Clinical decision-making requires reasoning over incomplete, imprecise, and linguistically expressed patient narratives. While large language models (LLMs) excel at extracting latent information from natural language, they lack the verifiability and interpretability essential for trustworthy medical AI. We propose a neuro-symbolic reasoning framework that aligns LLMs with formal logic to enable explainable and formally verifiable medical diagnosis. Patient descriptions and clinical guidelines are embedded into a neural knowledge base, where LLMs extract structured medical entities, temporal relations, and fuzzy symptom patterns, which are decoded into a symbolic knowledge base expressed in fuzzy logic and declarative rules. We perform two-stage reasoning: (1) inductive symbolic generalization to capture diagnostic patterns from encoded narratives, and (2) inference verification via a logic programming engine to derive and validate diagnoses consistent with clinical standards. Each symptom is treated as a fuzzy predicate with probabilistic weights, and inference paths are auditable, adjustable, and compatible with physician feedback. Unlike purely statistical methods, our system supports iterative refinement: misalignment between LLM-generated diagnoses and ground truth can be traced, explained, and corrected through formal rules. By combining logic-based transparency, LLM adaptability, and probabilistic robustness, the framework enables human-aligned healthcare inference with strong generalization and verifiable, step-by-step reasoning chains. We validate our framework on public benchmarks, demonstrating effective reconciliation of symbolic reasoning and LLMs with real-world clinical narratives. Results show performance comparable to state-of-the-art LLMs, while additionally providing interpretable reasoning paths and formally verifiable diagnostic conclusions.

AI Impact Assessments

(1 models)

Scientific Impact Assessment

Core Contribution

This paper proposes a neuro-symbolic framework that couples LLM-based extraction with fuzzy logic and Prolog-based symbolic reasoning for clinical diagnosis. The pipeline works as follows: (1) LLMs extract structured medical entities from free-text clinical notes, (2) these are converted into fuzzy predicates with probabilistic weights, (3) symbolic rules (Horn clauses) are compiled from clinical guidelines, (4) a Prolog-based engine performs weighted reasoning to rank diagnoses, and (5) an update mechanism allows both physician-driven rule editing and automated passive-aggressive weight updates. The key claimed novelty is the integration of fuzzy quantification, probabilistic inference, and a physician-in-the-loop feedback cycle within a single auditable pipeline.

Methodological Rigor

The methodology has several concerning weaknesses:

Evaluation design: The experimental evaluation is limited in scope and rigor. The primary comparison is against raw LLM prompting (GPT-4o, o4-mini, DeepSeek-R1), which is a weak baseline for a neuro-symbolic system paper. There is no comparison against established neuro-symbolic baselines (DeepProbLog, Logic Tensor Networks, Neural Theorem Provers—all cited in related work), nor against standard clinical NLP systems or ensemble methods. This makes it impossible to assess where the contribution stands relative to the actual state of the art in neuro-symbolic reasoning.
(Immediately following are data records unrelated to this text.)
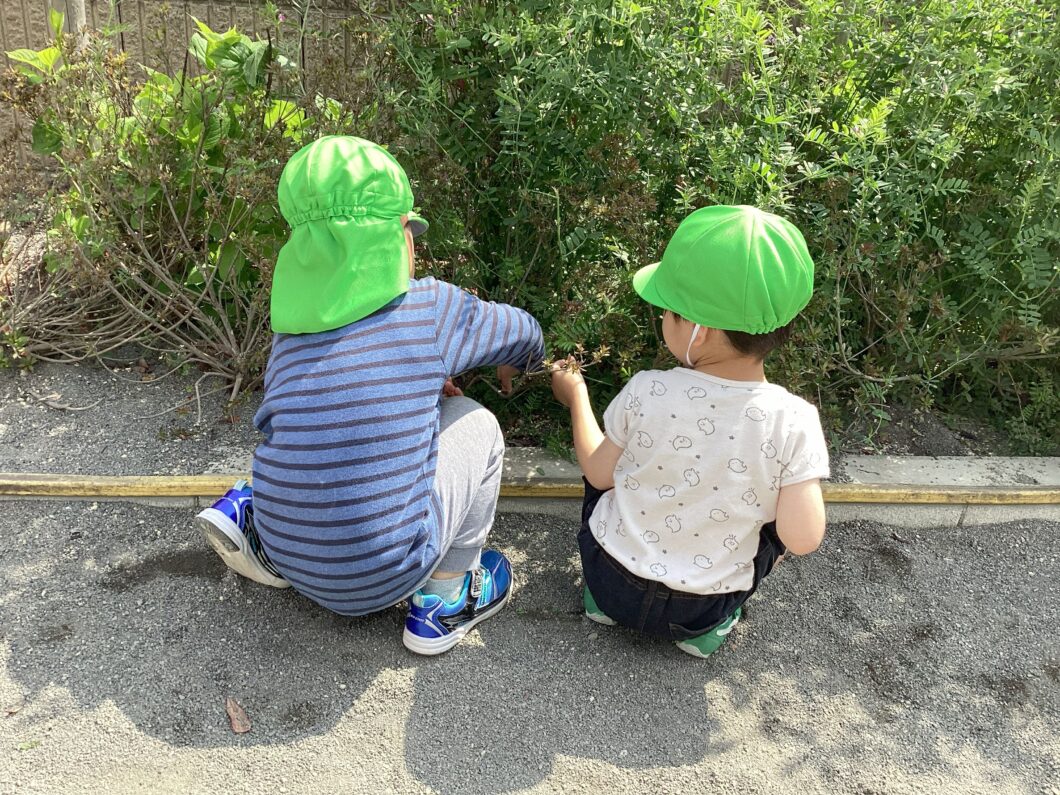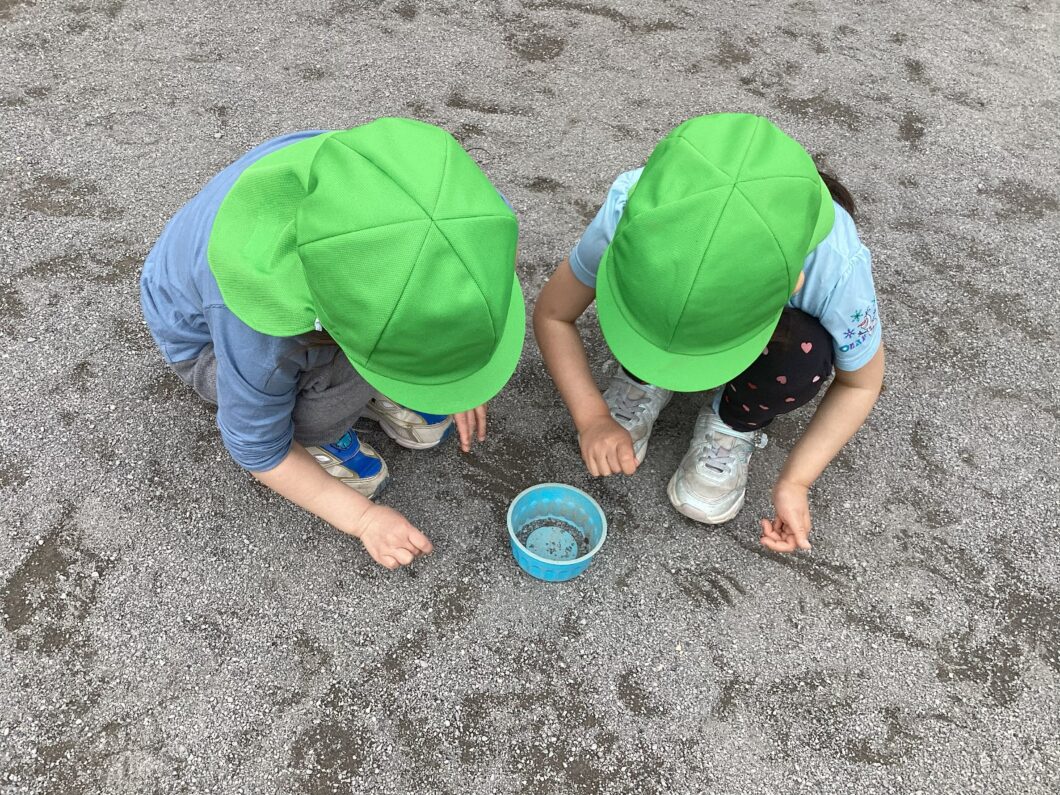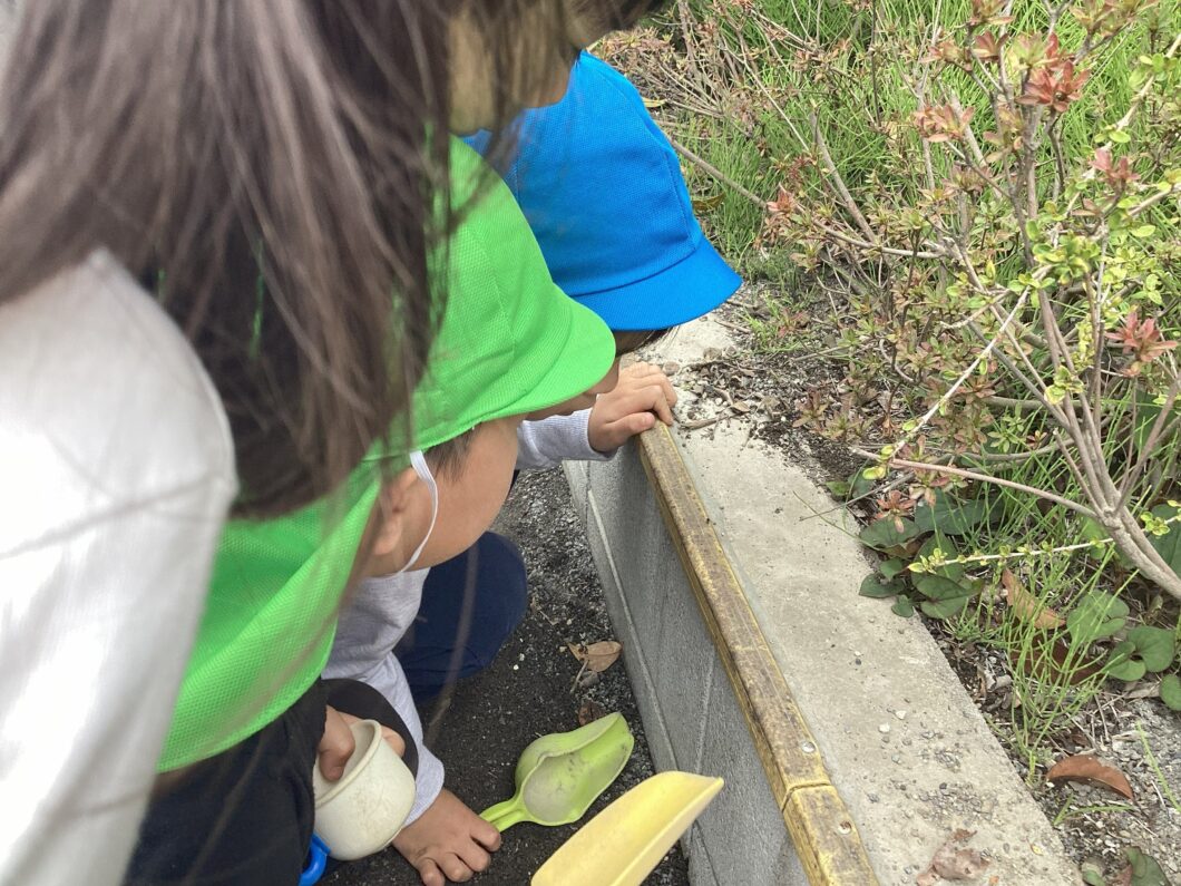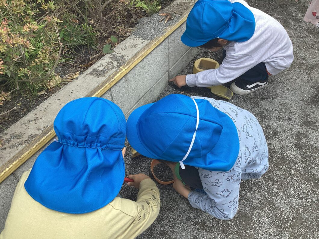 HOME > 園だより > 園だより ダンゴムシみ~つけた!~年中ぐみ~ 2026年4月20日 4月中旬になると気候も暖かく、外でのんびりあそびたくなる時期です。子どもたちが園庭に出てくると、花壇の虫たちも顔をのぞかせているのか、アリやダンゴムシを発見することができます😊春の時期は虫たち、特にダンゴムシ探しが夢中になっているあそびです! ダンゴムシを虫かごや砂場のおもちゃにそっと入れて、動きをじっと見て楽しんでいます。お片付けは「おうちにかえそう!」と言って、ダンゴムシが好きそうな場所を探したり、見つけた場所にそっと戻す姿が見られました。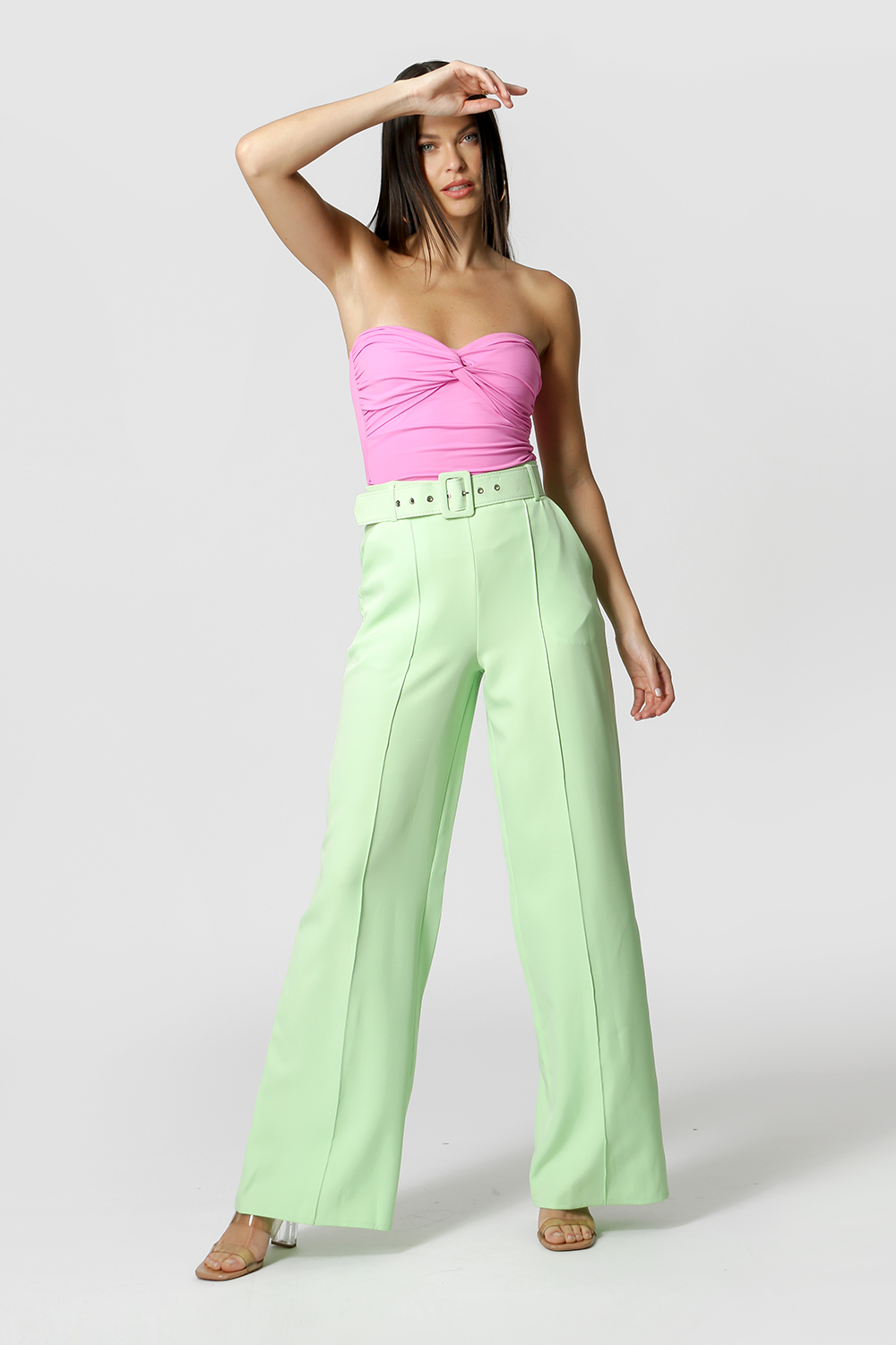 Body sin tirantes con escote retorcido y detalle fruncido. Confeccionado en tejido Amni Mesh, una pieza de forma ajustada que realza la silueta femenina, perfecta para crear looks casuales.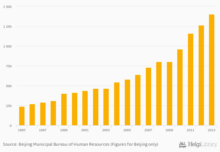 Minimum Monthly Wage (Local Currency) rose 0% to in China in 2015, according to Beijing Municipal Bureau of Human Resources (Figures for Beijing only).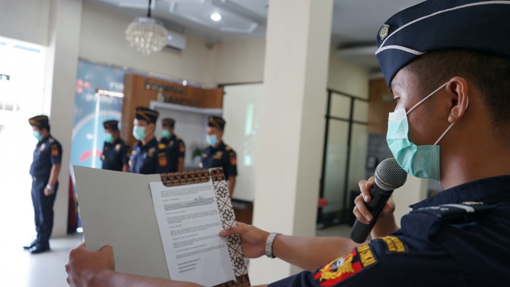 Ambon (7/12) – Dalam masa pandemi, mematuhi protokol kesehatan adalah hal yang penting dalam mencegah penyebaran Covid-19. Dalam era new normal, aktivitas sudah mulai dilakukan kembali dengan tetap memperhatikan anjuran pemerintah seperti menghindari kerumunan, selalu menggunakan masker jika beraktifitas di luar rumah, dan rajin mencuci tangan. Hari ini, Bea Cukai Ambon kembali mengadakan apel perdana di masa pandemi Covid-19 di lobi kantor Bea Cukai Ambon dengan tetap menjaga jarak dan menggunakan masker. Komposisi pegawai apel pun hanya terdiri peserta sebanyak 6 orang, petugas apel 3 orang, pembina apel, perwira apel, komandan apel, serta operator. Selebihnya, pegawai mengikuti apel melalui zoom meeting dengan berpakaian PDH lengkap dan mengambil posisi berdiri dengan sikap sempurna.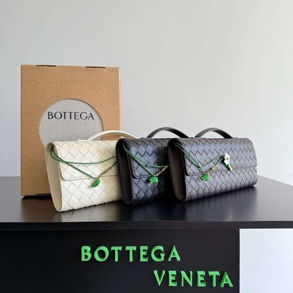 TÚI CẦM TAY NỮ BV ANDIAMO CLUTCH INTRECCIATO KHÓA HOA CÚC NGHỆ THUẬT (HÀNG ORDER QUỐC TẾ)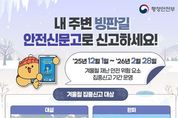 내 주변 빙판길 안전신문고로 신고하세요! '25년 12월 1일 ~ '26년 2월 28일 겨울철 재난 안전 위험 요소 집중신고 기간 운영 ■ 겨울철 집중신고 대상 (대설) 제설 미흡, 제설함 관리 불량, 시설물 파손·붕괴 위험 등 (한파) 인도 결빙, 동파 우려, 고드름 낙하, 한파 쉼터 불편 등 (화재) 비상구 물건 적치, 담배꽁초 투기, 소화시설 불량, 불법 취사·소각 등 (축제·행사) 인파 밀집 우려, 행사장 시설 파손, 안전관리 미흡 등
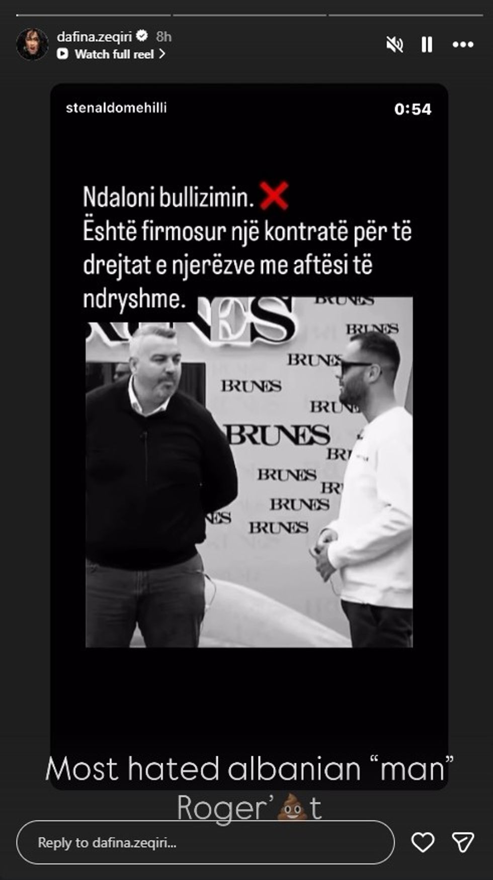 Në reagimin e saj përmes Instastory, Afina nuk ka kursyer fjalët, duke e cilësuar Rogertin si “mashkullin” më të urryer shqiptar.

Dataset concerns: The first dataset (symptom_to_diagnosis) is procedurally generated, limiting its clinical validity. The iCliniq dataset is noisy medical Q&A data, and the authors acknowledge multiple data quality issues—then create a "trimmed" version that conveniently improves their numbers. This post-hoc data cleaning raises methodological red flags. The MIMIC-IV evaluation is more credible but details about the specific subset used, preprocessing, and ground truth extraction are sparse.

Performance claims: On iCliniq, the full hybrid system underperforms GPT-4o across all metrics. On the trimmed version, GPT-4o still wins. Only on MIMIC-IV does the hybrid system clearly outperform, and the paper attributes this to "clearer symptom signals"—which somewhat undermines the claim that the system handles uncertainty well. The improvements over symbolic-only baselines validate the fuzzy/probabilistic components but are expected given the additional information they incorporate.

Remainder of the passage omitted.